L’exclusion du programme FiveEye

Dans un article publié le 25 mars dernier, le National Poste rapporte qu’un des sbires de Trump aurait suggéré d’expulser le Canada du programme FiveEye. Les fondations de cette entente remontent à 1941. Les États-Unis sont un membre important du programme FiveEye dont font également partie l’Australie, le Canada, la Nouvelle- Zélande ainsi que le Royaume-Uni. Cette alliance a pour but la mise en commun des moyens de collecte de renseignement ainsi que le partage des informations. Ce programme aura permis au quintette anglo-saxon de tisser et maintenir des liens serrés en matière de service secret et de stratégie de défense contre les ennemis communs. Depuis le début des années 50, c’est la pierre angulaire de la collecte d’information des pays membres. La semaine dernière, le Canada s’est plaint à quelques reprises de la remise en question du partage de renseignements de la part des États-Unis.

Si les troupes de Trump remettent en question le partage d’information avec nous, il n’y a qu’une seule conclusion possible : c’est qu’ils ne nous perçoivent plus comme des alliés. Pour le nouveau président américain, le Canada est maintenant un obstacle à ses ambitions actuelles ou futures.
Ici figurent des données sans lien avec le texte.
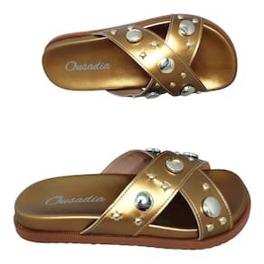 Design Elegante Com tiras em formato de X metalizado, este chinelo destaca-se pelo seu design moderno e sofisticado. O acabamento metalizado oferece um toque de glamour, ideal para complementar tanto looks casuais quanto mais elaborados.

La souveraineté territoriale

Le truc avec le grand stratège qu’est Donald Trump, c’est qu’il est incapable de garder pour lui une stratégie qu’il aurait intérêt à ne pas partager. Depuis son arrivé à la Maison-Blanche, ce grand amiral de bateau-lavoir clame haut et fort qu’il s’intéresse au Groenland pour ses ressources, idem pour la paix en Ukraine en retour des ressources naturelles. Même les richesses de l’Arctique canadien ont fait l’objet de déclaration de ce moulin à parole.

Pour l’amiral Trump. L’arctique Canadien est un vaste territoire désertique où il n’y a personne et dont il serait très facile de s’en emparer. Notez ici que je ne partage pas son opinion. Et si vous pensez que je fabule, alors expliquez-moi pourquoi le 5 mars dernier, le ministre de la Défense nationale Bill Blair s’est empressé de devancer la construction d’infrastructures militaire dans le nord, cliquez ici. De plus, le budget pour ces installations est passé de 268 millions de dollars à 2,67 milliards. Puis le 8 mars, c’est la construction de deux énormes brise-glace polaires qui est lancé en toute pompe et dont le coût unitaire dépasse les 3 milliards. Finalement, le 8 mars toujours, c’est un contrat de 8 milliards qui a été accordé au chantier maritime Irving afin de lancer la construction d’un premier navire de remplacement pour la marine canadienne.  Je ne me souviens pas d’avoir vu un gouvernement libéral être aussi rapide sur les dépenses militaires.

Il est maintenant évident, que la dernière semaine du gouvernement Trudeau aura été marquée entre autres par un besoin urgent d’affirmer la souveraineté du Canada en Arctique.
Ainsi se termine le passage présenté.